• _Required work_: Below are some entries. Transcribe the lines from the one holding "A fiatalok tele" to the one holding "Fotografía 10: Ordo", inclusive, but not the pictures among them.

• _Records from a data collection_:
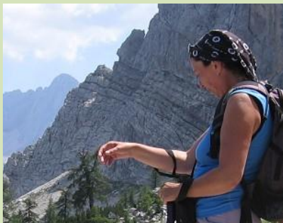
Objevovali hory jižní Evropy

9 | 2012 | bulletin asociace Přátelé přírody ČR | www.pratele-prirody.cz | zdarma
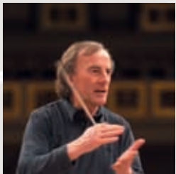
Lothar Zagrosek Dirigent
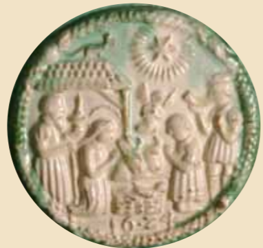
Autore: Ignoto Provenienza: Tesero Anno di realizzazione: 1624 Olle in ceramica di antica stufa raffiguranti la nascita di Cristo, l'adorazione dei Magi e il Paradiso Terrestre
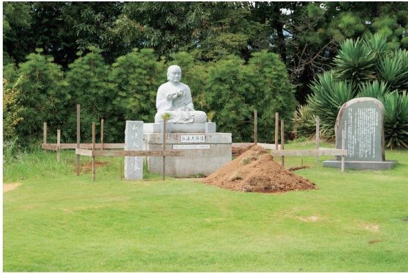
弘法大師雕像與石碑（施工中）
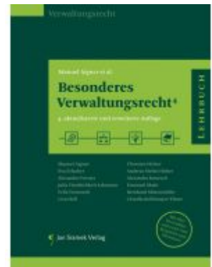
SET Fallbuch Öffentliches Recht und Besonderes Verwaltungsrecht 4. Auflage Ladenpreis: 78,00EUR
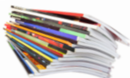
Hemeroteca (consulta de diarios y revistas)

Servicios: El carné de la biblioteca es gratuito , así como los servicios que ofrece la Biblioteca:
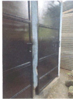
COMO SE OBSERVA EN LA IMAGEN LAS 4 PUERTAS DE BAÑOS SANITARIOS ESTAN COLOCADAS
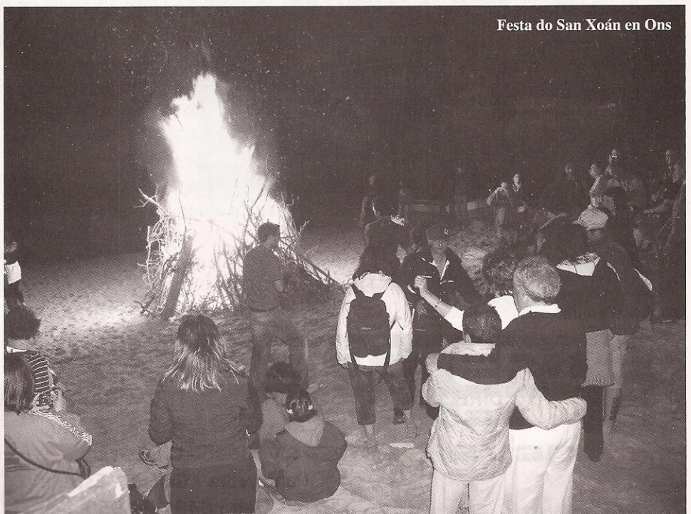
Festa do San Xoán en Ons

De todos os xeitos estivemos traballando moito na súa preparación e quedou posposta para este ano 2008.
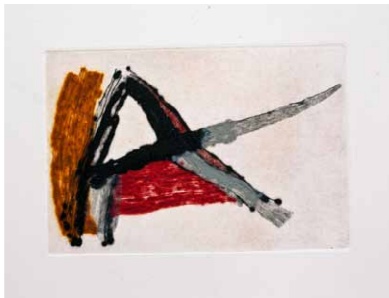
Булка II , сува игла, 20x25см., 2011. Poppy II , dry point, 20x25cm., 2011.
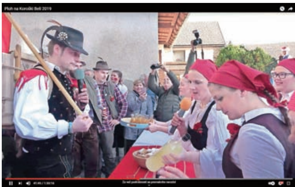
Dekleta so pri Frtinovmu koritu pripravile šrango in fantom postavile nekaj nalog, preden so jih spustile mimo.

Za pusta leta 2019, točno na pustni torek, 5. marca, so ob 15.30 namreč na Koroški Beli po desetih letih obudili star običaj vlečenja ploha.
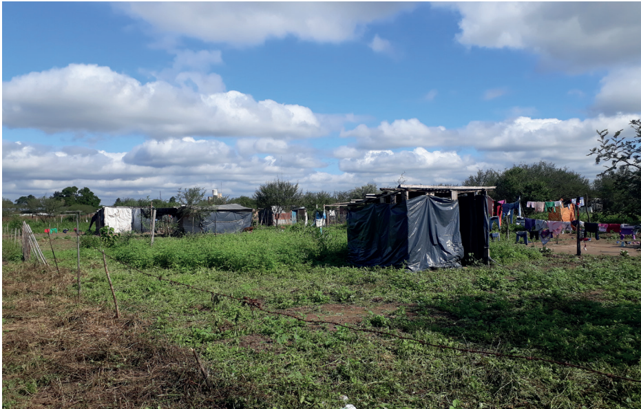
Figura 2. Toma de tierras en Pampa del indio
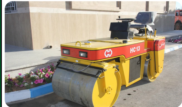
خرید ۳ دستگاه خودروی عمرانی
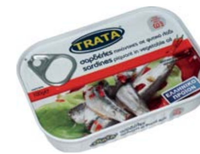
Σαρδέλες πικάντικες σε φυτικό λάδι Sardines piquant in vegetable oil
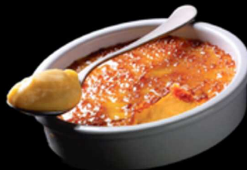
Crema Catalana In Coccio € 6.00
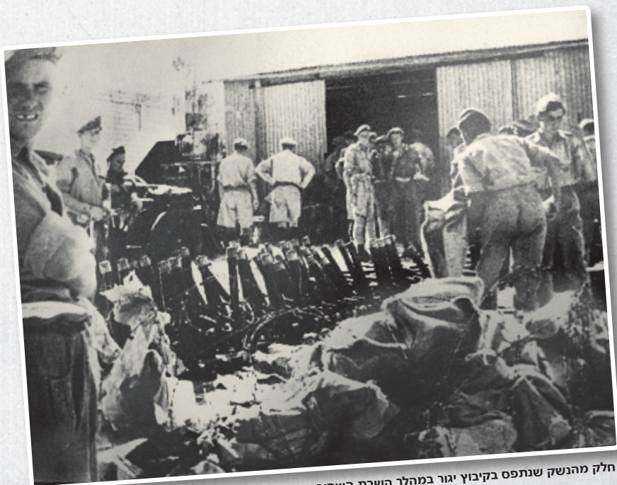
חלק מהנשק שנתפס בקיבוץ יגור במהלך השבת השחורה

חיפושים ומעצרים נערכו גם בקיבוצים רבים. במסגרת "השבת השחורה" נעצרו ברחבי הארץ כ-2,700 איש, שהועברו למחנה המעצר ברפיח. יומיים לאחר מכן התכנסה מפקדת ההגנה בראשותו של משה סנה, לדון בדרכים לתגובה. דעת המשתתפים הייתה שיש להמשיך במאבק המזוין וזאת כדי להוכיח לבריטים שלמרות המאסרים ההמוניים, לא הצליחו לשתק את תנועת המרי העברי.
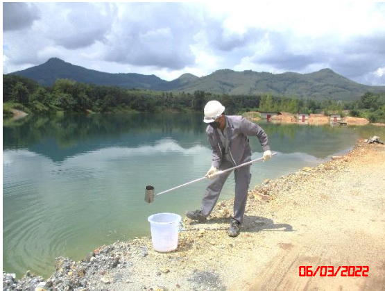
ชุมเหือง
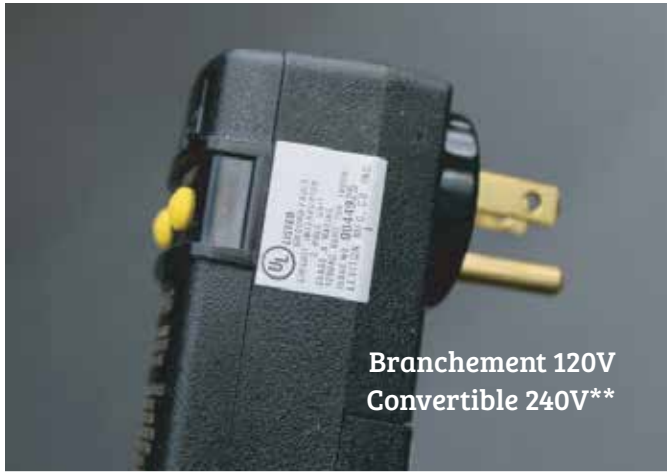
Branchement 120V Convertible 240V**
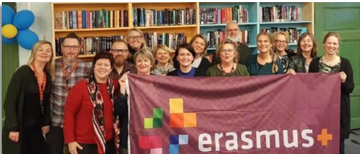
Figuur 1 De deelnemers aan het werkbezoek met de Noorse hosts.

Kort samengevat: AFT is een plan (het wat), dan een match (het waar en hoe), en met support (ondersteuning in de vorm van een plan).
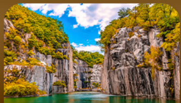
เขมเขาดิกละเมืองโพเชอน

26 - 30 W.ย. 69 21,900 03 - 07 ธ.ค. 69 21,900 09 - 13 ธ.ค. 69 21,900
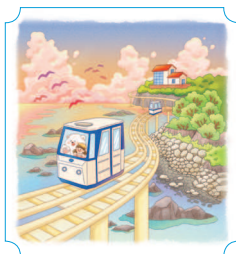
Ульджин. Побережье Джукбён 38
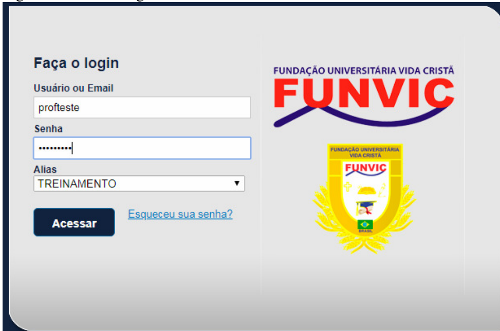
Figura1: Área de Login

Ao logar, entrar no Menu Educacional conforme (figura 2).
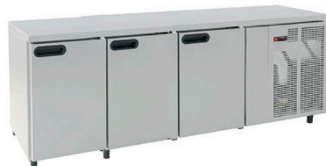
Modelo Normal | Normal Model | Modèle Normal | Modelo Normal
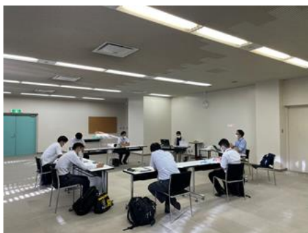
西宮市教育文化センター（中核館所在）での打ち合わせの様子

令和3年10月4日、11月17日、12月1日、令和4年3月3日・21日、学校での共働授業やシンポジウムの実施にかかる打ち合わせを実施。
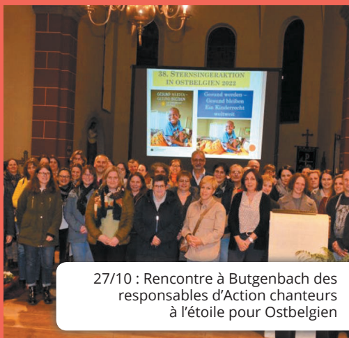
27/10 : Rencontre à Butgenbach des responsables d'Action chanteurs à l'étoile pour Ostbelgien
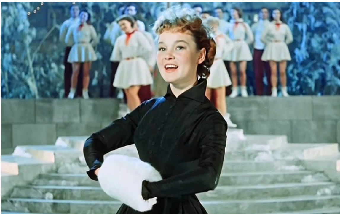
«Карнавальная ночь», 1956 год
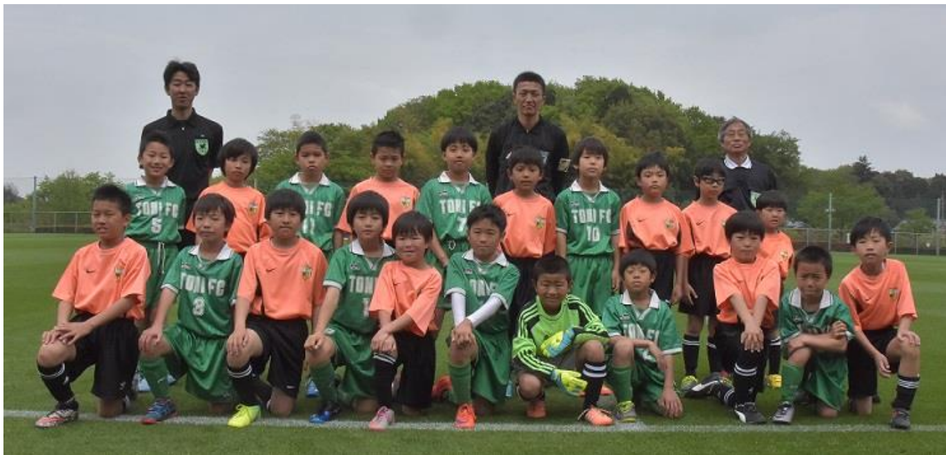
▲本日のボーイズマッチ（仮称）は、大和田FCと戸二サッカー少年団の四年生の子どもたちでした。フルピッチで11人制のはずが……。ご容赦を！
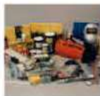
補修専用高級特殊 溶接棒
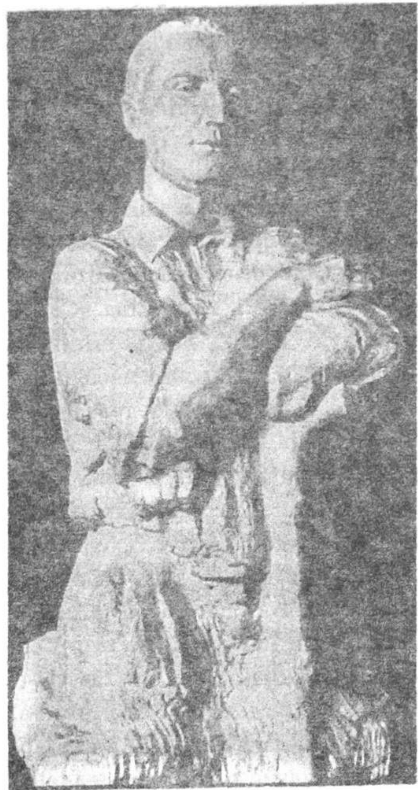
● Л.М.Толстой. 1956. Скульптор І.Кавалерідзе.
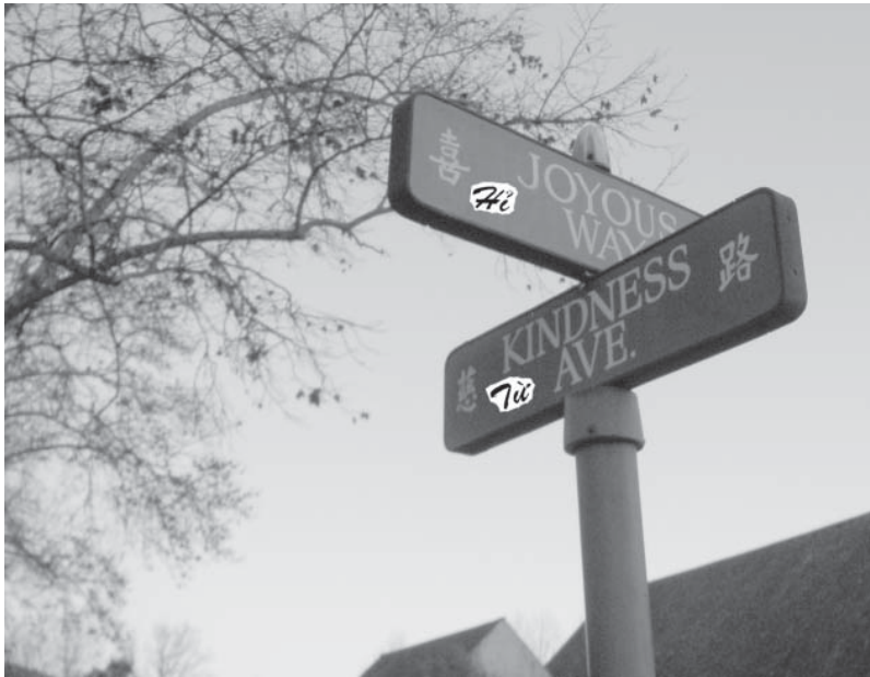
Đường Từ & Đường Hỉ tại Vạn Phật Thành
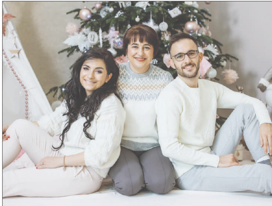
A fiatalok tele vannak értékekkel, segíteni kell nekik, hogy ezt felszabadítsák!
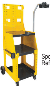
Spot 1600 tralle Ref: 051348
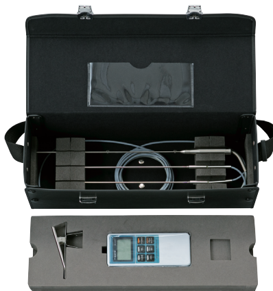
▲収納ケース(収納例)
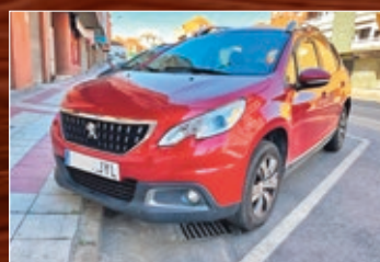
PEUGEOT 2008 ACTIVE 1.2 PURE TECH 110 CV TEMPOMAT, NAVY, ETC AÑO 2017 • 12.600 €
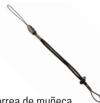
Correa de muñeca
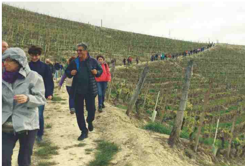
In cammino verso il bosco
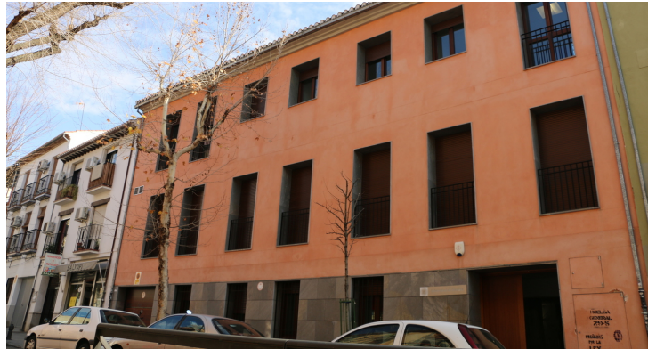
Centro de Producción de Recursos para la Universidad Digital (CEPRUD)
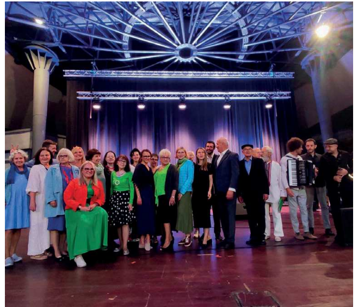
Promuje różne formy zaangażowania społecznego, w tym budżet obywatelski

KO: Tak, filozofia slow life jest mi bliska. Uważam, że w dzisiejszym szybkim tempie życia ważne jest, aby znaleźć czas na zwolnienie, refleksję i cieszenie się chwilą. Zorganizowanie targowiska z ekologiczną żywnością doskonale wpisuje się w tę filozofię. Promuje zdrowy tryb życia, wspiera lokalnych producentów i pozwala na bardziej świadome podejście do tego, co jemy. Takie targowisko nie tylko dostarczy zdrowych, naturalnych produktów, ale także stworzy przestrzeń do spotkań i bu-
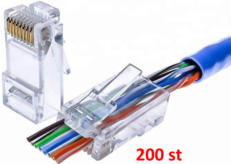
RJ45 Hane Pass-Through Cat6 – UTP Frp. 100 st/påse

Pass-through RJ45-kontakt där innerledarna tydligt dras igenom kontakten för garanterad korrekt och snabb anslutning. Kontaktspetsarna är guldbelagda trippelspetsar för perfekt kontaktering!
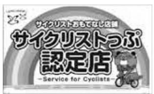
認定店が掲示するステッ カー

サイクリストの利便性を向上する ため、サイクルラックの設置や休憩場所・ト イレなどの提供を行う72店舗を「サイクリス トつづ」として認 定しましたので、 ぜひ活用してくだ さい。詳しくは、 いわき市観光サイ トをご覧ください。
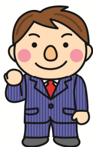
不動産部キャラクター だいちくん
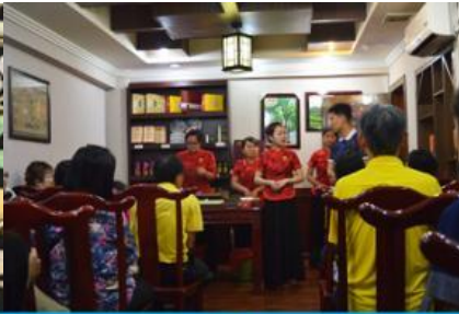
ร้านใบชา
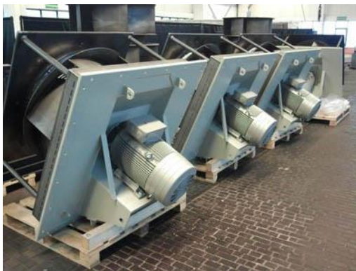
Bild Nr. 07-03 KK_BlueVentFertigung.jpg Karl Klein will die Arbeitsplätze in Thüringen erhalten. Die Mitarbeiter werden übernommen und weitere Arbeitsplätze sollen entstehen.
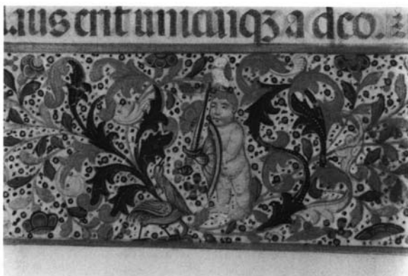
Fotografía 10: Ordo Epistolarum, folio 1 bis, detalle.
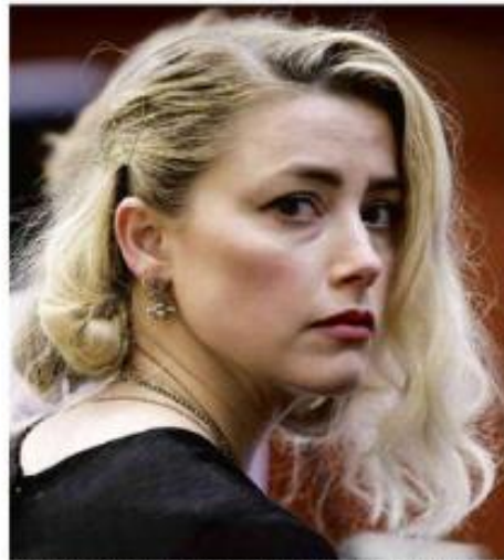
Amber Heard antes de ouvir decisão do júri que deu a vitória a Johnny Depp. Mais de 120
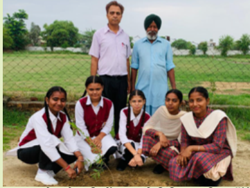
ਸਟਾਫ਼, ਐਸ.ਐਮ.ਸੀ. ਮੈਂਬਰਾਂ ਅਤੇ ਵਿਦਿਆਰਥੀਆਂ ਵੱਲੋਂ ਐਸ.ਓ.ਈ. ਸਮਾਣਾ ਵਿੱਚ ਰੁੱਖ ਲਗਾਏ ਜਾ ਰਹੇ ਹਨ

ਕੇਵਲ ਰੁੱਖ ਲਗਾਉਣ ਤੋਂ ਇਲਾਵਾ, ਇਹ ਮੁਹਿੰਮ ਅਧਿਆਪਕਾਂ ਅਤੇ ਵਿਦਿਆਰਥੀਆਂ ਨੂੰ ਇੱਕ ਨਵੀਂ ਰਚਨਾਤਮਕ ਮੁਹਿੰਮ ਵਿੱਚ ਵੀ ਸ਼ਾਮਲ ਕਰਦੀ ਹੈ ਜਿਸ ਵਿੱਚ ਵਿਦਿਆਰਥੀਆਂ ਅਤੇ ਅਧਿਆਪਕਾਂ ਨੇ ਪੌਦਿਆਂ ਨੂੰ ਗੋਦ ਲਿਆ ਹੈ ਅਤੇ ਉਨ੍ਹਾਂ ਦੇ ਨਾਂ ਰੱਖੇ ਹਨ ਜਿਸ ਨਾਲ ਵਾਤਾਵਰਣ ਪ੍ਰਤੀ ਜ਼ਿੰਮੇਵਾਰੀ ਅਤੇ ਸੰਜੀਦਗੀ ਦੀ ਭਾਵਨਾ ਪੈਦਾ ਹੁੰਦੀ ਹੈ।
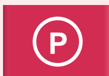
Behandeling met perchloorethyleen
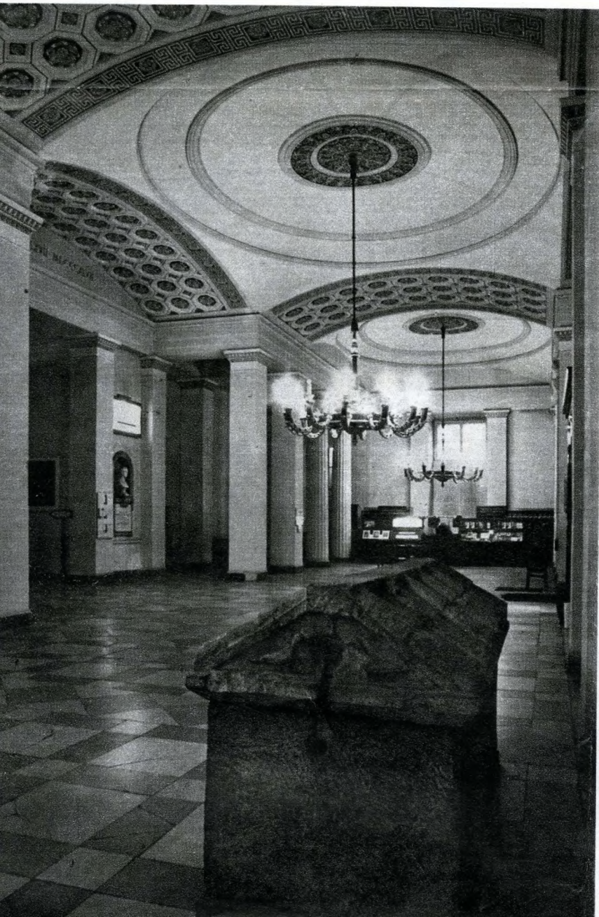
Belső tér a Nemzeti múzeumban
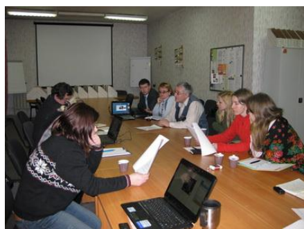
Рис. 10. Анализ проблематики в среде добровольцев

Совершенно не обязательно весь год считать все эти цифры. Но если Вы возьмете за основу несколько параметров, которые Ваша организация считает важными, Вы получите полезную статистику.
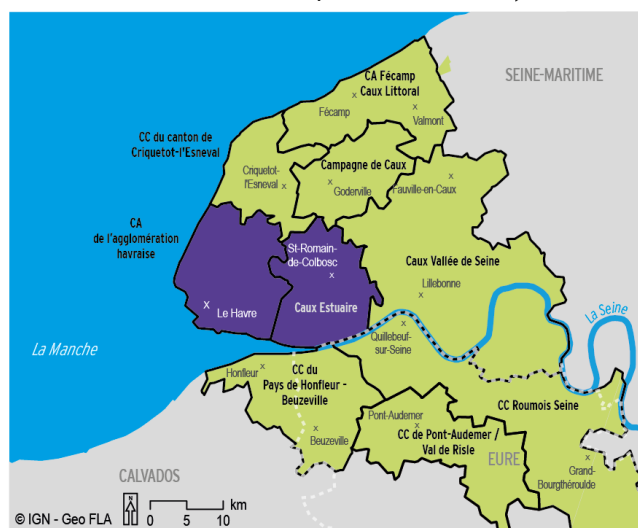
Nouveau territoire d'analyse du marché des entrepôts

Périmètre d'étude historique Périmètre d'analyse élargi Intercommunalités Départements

• _Answer to this task_:
A fiatalok tele vannak értékekkel, segíteni kell nekik, hogy ezt felszabadítsák!
Spot 1600 tralle Ref: 051348
▲収納ケース(収納例)
PEUGEOT 2008 ACTIVE 1.2 PURE TECH 110 CV TEMPOMAT, NAVY, ETC AÑO 2017 • 12.600 €
Correa de muñeca
In cammino verso il bosco
Centro de Producción de Recursos para la Universidad Digital (CEPRUD)
Promuje różne formy zaangażowania społecznego, w tym budżet obywatelski

KO: Tak, filozofia slow life jest mi bliska. Uważam, że w dzisiejszym szybkim tempie życia ważne jest, aby znaleźć czas na zwolnienie, refleksję i cieszenie się chwilą. Zorganizowanie targowiska z ekologiczną żywnością doskonale wpisuje się w tę filozofię. Promuje zdrowy tryb życia, wspiera lokalnych producentów i pozwala na bardziej świadome podejście do tego, co jemy. Takie targowisko nie tylko dostarczy zdrowych, naturalnych produktów, ale także stworzy przestrzeń do spotkań i bu-
RJ45 Hane Pass-Through Cat6 – UTP Frp. 100 st/påse

Pass-through RJ45-kontakt där innerledarna tydligt dras igenom kontakten för garanterad korrekt och snabb anslutning. Kontaktspetsarna är guldbelagda trippelspetsar för perfekt kontaktering!
認定店が掲示するステッ カー

サイクリストの利便性を向上する ため、サイクルラックの設置や休憩場所・ト イレなどの提供を行う72店舗を「サイクリス トつづ」として認 定しましたので、 ぜひ活用してくだ さい。詳しくは、 いわき市観光サイ トをご覧ください。
不動産部キャラクター だいちくん
ร้านใบชา
Bild Nr. 07-03 KK_BlueVentFertigung.jpg Karl Klein will die Arbeitsplätze in Thüringen erhalten. Die Mitarbeiter werden übernommen und weitere Arbeitsplätze sollen entstehen.
Fotografía 10: Ordo Epistolarum, folio 1 bis, detalle.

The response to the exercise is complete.